From the 26 extracted features of Example 2, the following were designed: (i) a neural network with an input layer of 26 neurons (one per each engineered feature); (ii) an output layer with two neurons (corresponding to the two classes, controls and mutations); and (iii) two hidden layers (40 neurons). The network was trained for 120 epochs using the arrays of the 26 extracted features. Two classes were used for training: controls and single transformed cells. The training accuracy reached 98% as well as a validation accuracy of 97%. When the neural network was tested using the double transformed extracted features, an accuracy of around 78% was reached.

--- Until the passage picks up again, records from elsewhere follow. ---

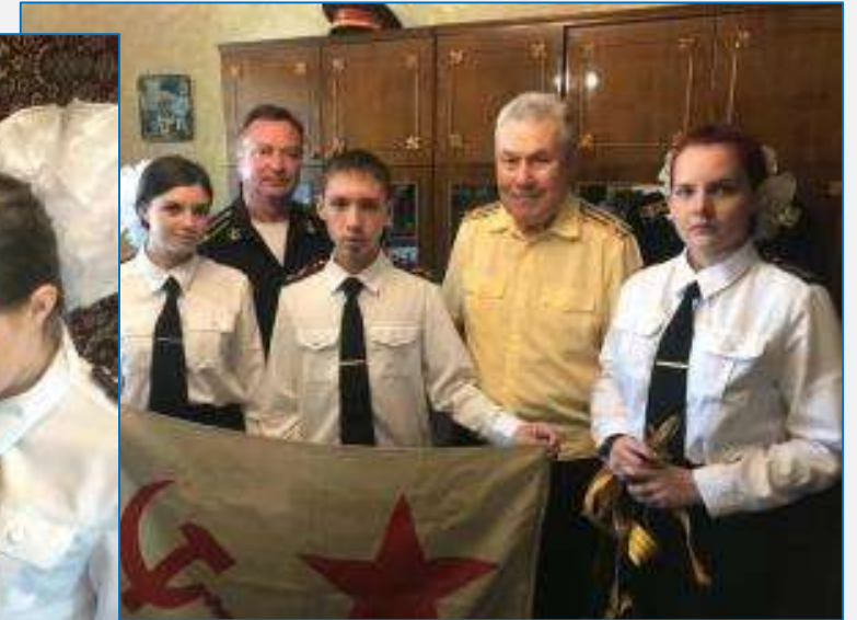
Поздравление кадетами СКК СКР РФ с Днем Победы, 09.05.2022 года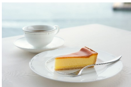
チーズケーキセット(イメージ)

期 間： 2018年4月8日～7月31日 ※除外日7月27日 料 金： 3名1室・1泊夕朝食付き お一人様あたり 19,000円～ ※ご夕食：和食・洋食からお選びいただけます。 ※ご朝食：和洋buffet。2017年金賞受賞「伊勢海老ビスクスープ」もご賞味いただけます。 特 典： ご滞在中、カフェ・ラウンジでチーズケーキセットをご利用いただけます。 ご 予 約： 鳥羽国際ホテル 予約専用ダイヤル 0599-25-4121 (8:00～20:00)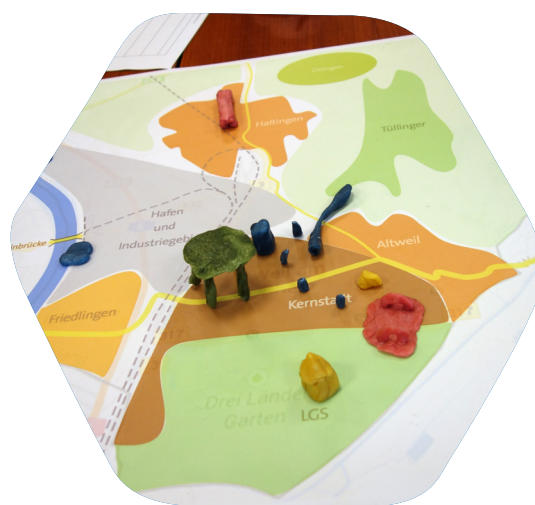
Ideen Weiler Jugendlicher zusammengetragen während des „stadtspieler-JUGEND“-Workshops

Als ein drittes Beteiligungsangebot wurde neben der Befragung und den Streifzügen für ältere Jugendliche ab 13 Jahren die Methode „stadtspielerJUGEND“ gewählt. Es entstand unter Mitarbeit Weiler Jugendlicher, in Anlehnung an die Methode „Stadtspieler“, eine auf Weil am Rhein abgestimmte Jugend-Version des Spiels. Bei der durch die Weiler Jugendlichen mitentwickelten Variante spiegelt sich der Weiler Stadtplan im Spielfeld wider.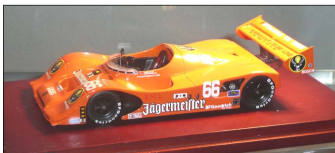
Porsche 966 IMSA 1991 von True Scale Miniatures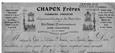
Papier à en-tête du plombier-zingueur (ornements pour l'architecture) CHAPON, situé 12 rue Passet (Archives de l'archidiocèse de Lyon, I 1212, 1918).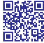
新川地区センターHP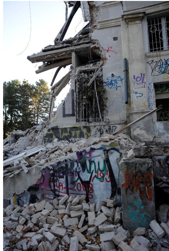
3. kép Északi homlokzat, részlet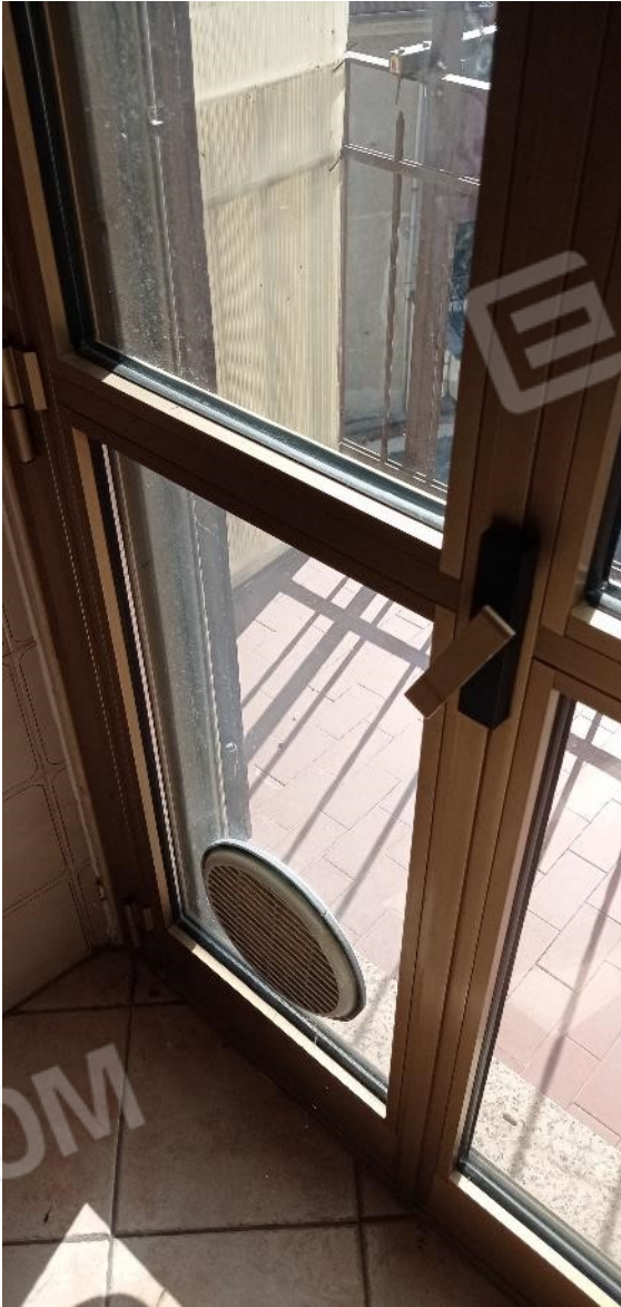
16. Dettaglio serramento cucina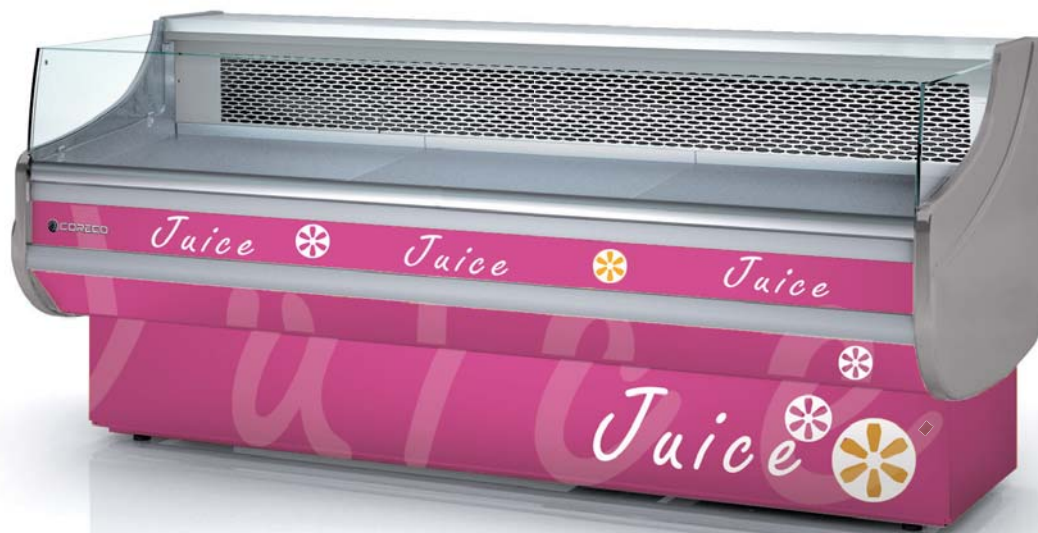
CVEA-9-20 personalizada customized

The neural network of Example 3 was unboxed using an RxREN algorithm. The RxREN algorithm adopted a reverse engineering approach to extract rules from the trained neural network based on a subset of the testing data. A pruning of input neurons was used to reduce the dimensionality of the input data. Next, the misclassified training data (i.e., the training data whose assigned label is not correct) were exploited to infer the set of rules that allow the neural network to assign each of the possible output classes. The customized version of the RxREN algorithm consisted of five different phases: (1) input pruning, (2) input range computation, (3) rule definition, (4) rule pruning, and (5) rules update. Finally, a set of rules were established correlating specific input cellular morphologies to the H-Ras and Myc modifications most likely responsible for the cellular morphology.
This invention was made with Government support under DBI-1548297 awarded by the National Science Foundation. The Government has certain rights to this invention.